Do you have friends? Interests or hobbies?

Re: the hugging thing. In any other time or place I’d agree with others who are saying it’s weird. But we’re living in a pandemic - so checking with the person you live with and share a bed with etc etc (especially when one of you is pregnant) if they are comfortable with physical contact doesn’t seem excessive to me at all.

DIL obviously has a close extended family and a level of comfort around their vigilance (c19). You really can’t do anything about that.

I get it must have stung to see her parents eating your gift, but you cancelled the meal you normally have and you chose to give them groceries as a gift.

You can choose to live a fuller life and enjoy the time you get, or you can feel sorry for yourself and drive yourself mad with jealousy.

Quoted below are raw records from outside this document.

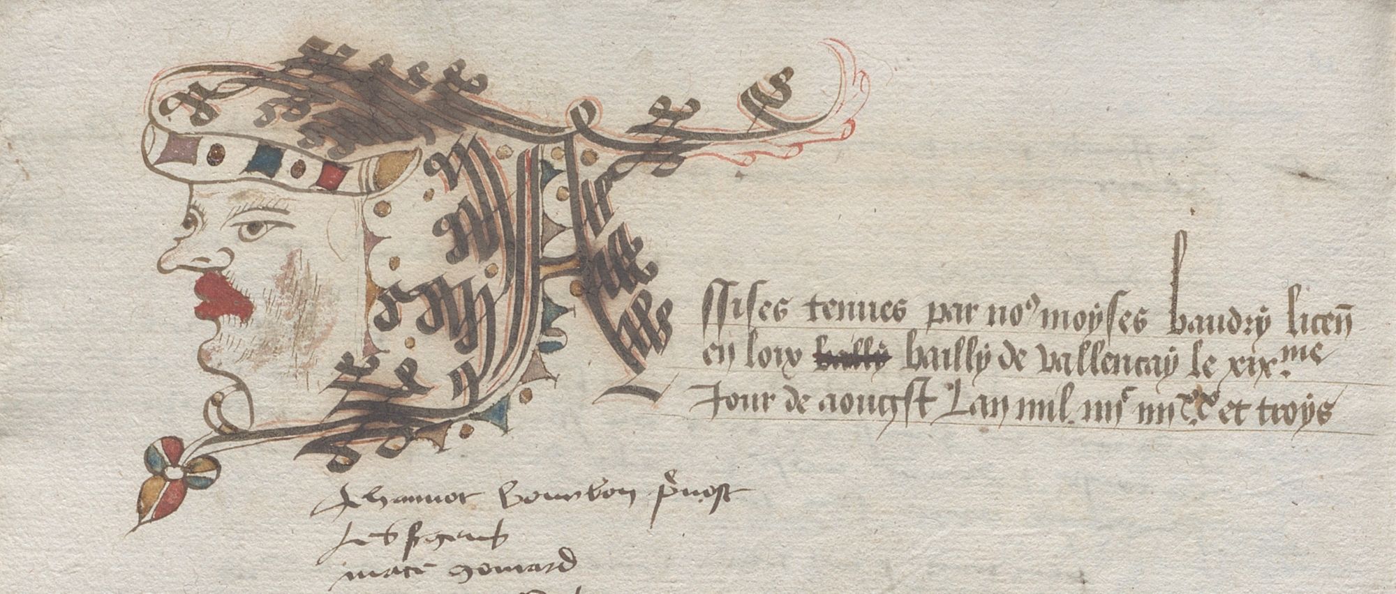 Le registre des plaids de la châtellenie de Valençay est un cahier dans lequel sont enregistrées les affaires plaidées devant le bailli : un bref résumé du contexte et des accusations, suivi du jugement rendu aux parties, en général la condamnation à une amende. Il fait cependant figure d’exception dans les fonds des Archives de l’Indre en raison des ornementations qu’il contient. Ce témoignage particulier de la fin du Moyen Âge met en valeur les qualités du greffier qui a dessiné des visages et calligraphié des vers latins humanistes au début du registre : « Sois libre de passion comme si jamais tu ne devais mourir/ Eloigné du vice comme si demain la vie te faisait défaut ».
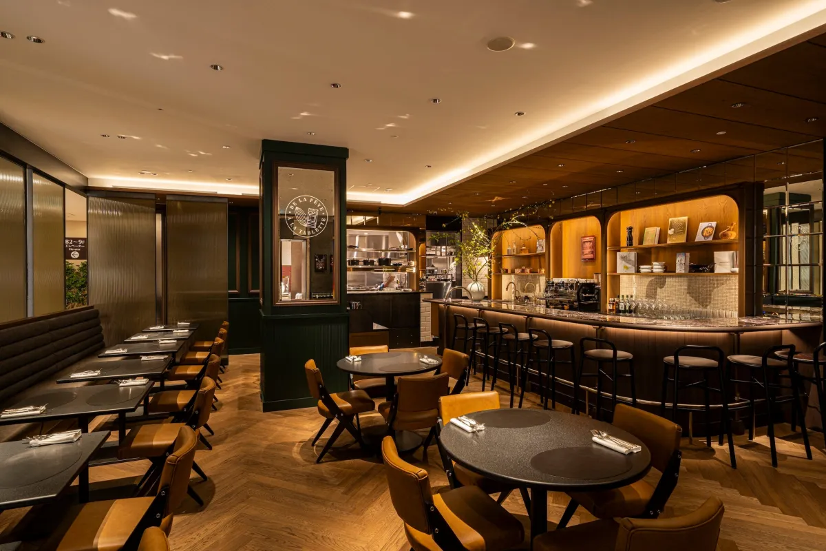 サロンの空間は、アラン・デュカスの哲学を反映した設計となっており、クラシックとモダンの調和が取れています。天然木や天然石を使用し、スチールの質感が加わり、ダークグリーンとゴールドのアクセントが心地よく感じられます。メインダイニングのほかにカウンター席や個室も整備されており、さまざまなシーンで利用できる空間が確保されています。
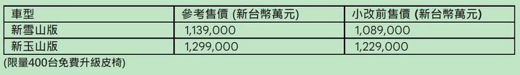 內裝部分,10.25吋全中文全彩數位儀表搭配9.2吋的CNS 3.0資訊娛樂系統。新雪山版採用的是亮銀髮絲紋飾板佐以舒適布紋座椅,搭配懸浮式飛梭滾輪多功能方向盤;進階的新玉山版SportLine則為Carbon跑車運動化黑色飾板配上跑車式布紋座椅,方向盤則為附換檔撥片、音響及電話控制功能的三幅跑車式多功能方向盤 。
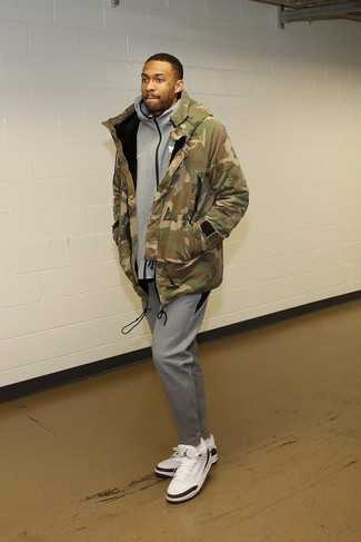 Белые кожаные низкие кедыЕсли ты ценишь удобство и практичность, оливковая парка с камуфляжным принтом и серые спортивные штаны — прекрасный выбор для расслабленного мужского лука на каждый день. Любишь эксперименты? Закончи ансамбль белыми кожаными низкими кедами.
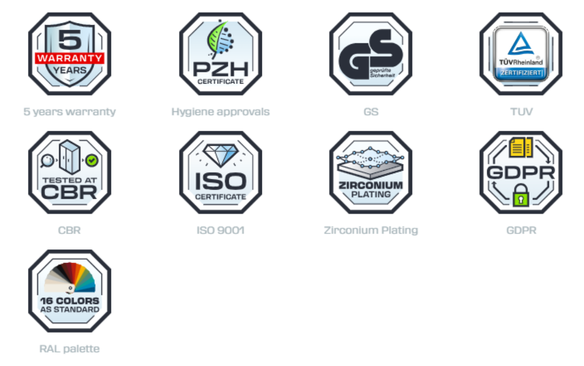 Предлага се в 16 цвята по RAL без допълнително заплащане.

DillytheGardener Wed 07-Apr-21 00:18:15

I’d recommend from personal experience with issues in my relationship with my dil to speak to a therapist if you can afford or if you can’t Relate.
The advice my friends gave was the opposite to what I received on here which was an eye opener in an enlightening way ( some good, some very direct confused) . I’m glad I spoke to therapist on one posters advice because it’s changed the way I interact with my dil (much of it I felt counter intuitive) but our relationship is now a very positive one. It can be turned around but sometime some professional outside advice and strategies are better than blundering in when hurt and angry and perhaps making it worse and permanently worse.

welbeck Wed 07-Apr-21 01:02:54

OP, i tend to agree with what Lolo above wrote.
it's easy to get stuck in a rut of self-defeating behaviour, taking on the martyr mantle.
if an occasion arises again, when you can't cook, why not ask them, if i buy the food, could you cook it for me, so we can share a bite together.
take your place as an equal. be straightforward. ask for what you would like.
i know it's easier said than done.

Dilly, that sounds intriguing; may i ask what piece of advice that you acted on. and it might help OP.
maybe see things from a different angle.
glad thing are better any way.

Hithere Wed 07-Apr-21 02:11:03

Another vote for lolo.

Loislovesstewie Wed 07-Apr-21 05:30:10

And another vote for Lolo

CafeAuLait Wed 07-Apr-21 07:34:52

I'm with Lolo too with the caveat that if the whole permission to hug you thing played out as you have related here, that seems very odd.